The subject of feeling alone and discombobulated (I've been dying to use that word in my blog since I started writing it!) at social events, and in life in general, came up at some psychotherapy sessions a few years ago. The therapist at the time suggested I try a technique which she described as having a conversation with an imaginary friend. She explained I should create a mental image of this illusory friend and actually talk to them out loud as if they were physically present. A question arises: isn't this the same as talking to oneself? To an observer, yes, it would appear no different. But if, in my mind, I am talking to someone else then I cannot be talking to myself. The fact that they don't exist doesn't change the fact that I am talking to them! Ok, it's a bit of a grey area! Maybe we can dissect it over a cup of tea. Who am I talking to now?
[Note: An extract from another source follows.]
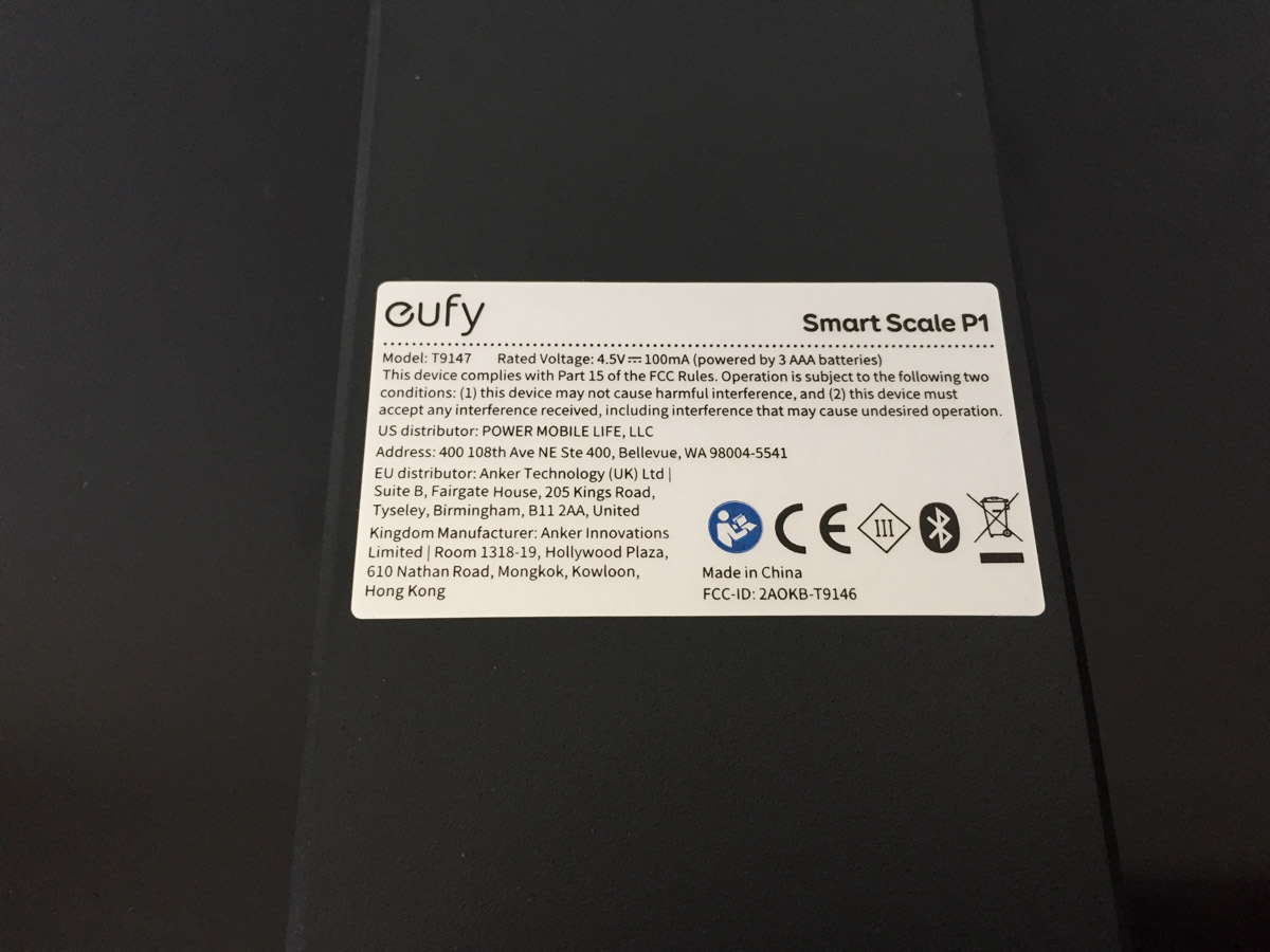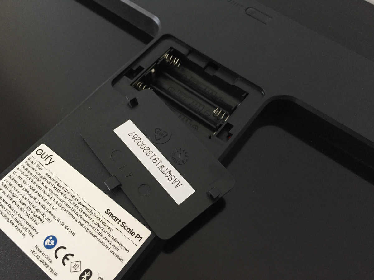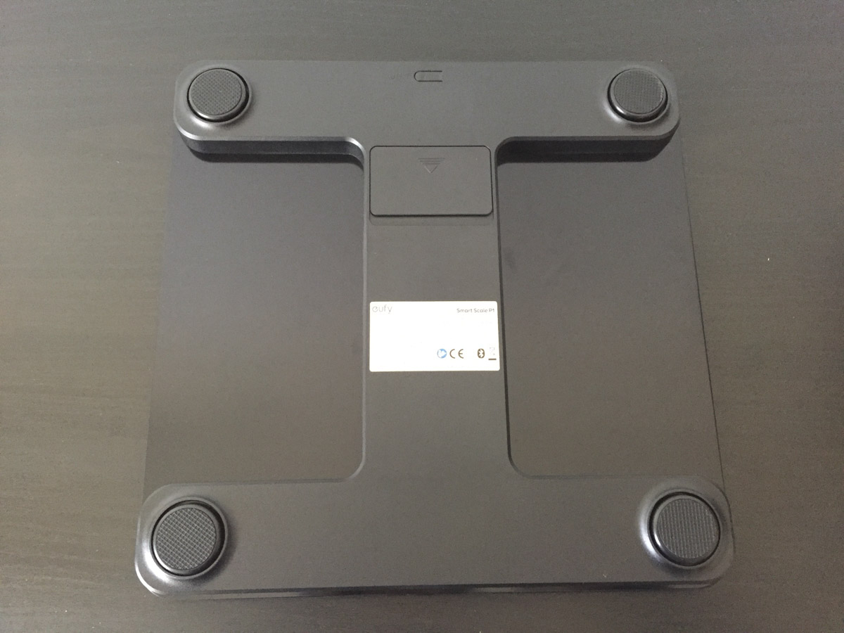 I piedini di eufy Smart Scale P1 sono in gomma e assicurano un’ottima aderenza sul pavimento, il fondo invece è in plastica satinata e al centro trova posto un cassetto per le tre batterie mini-stilo AAA (incluse in confezione) che alimentano la bilancia. Il display è molto ampio, con sfondo nero e numeri in bianco che si leggono con facilità anche di giorno con la luce diretta del sole.

Spending Christmas on my own means doing so in isolation and for me it is a fundamentally lonely experience. However, the fuel tank is still half full (notice the optimism!) and so has some mileage to see me through a bit longer. Whatsmore, there is a smidgeon of respite from a bit of the loneliness which has been replaced by solitude: on the receiving end of this blog post I feel as if I have an imaginary reader who I am "talking" to. Perhaps my therapist wasn't cranky after all!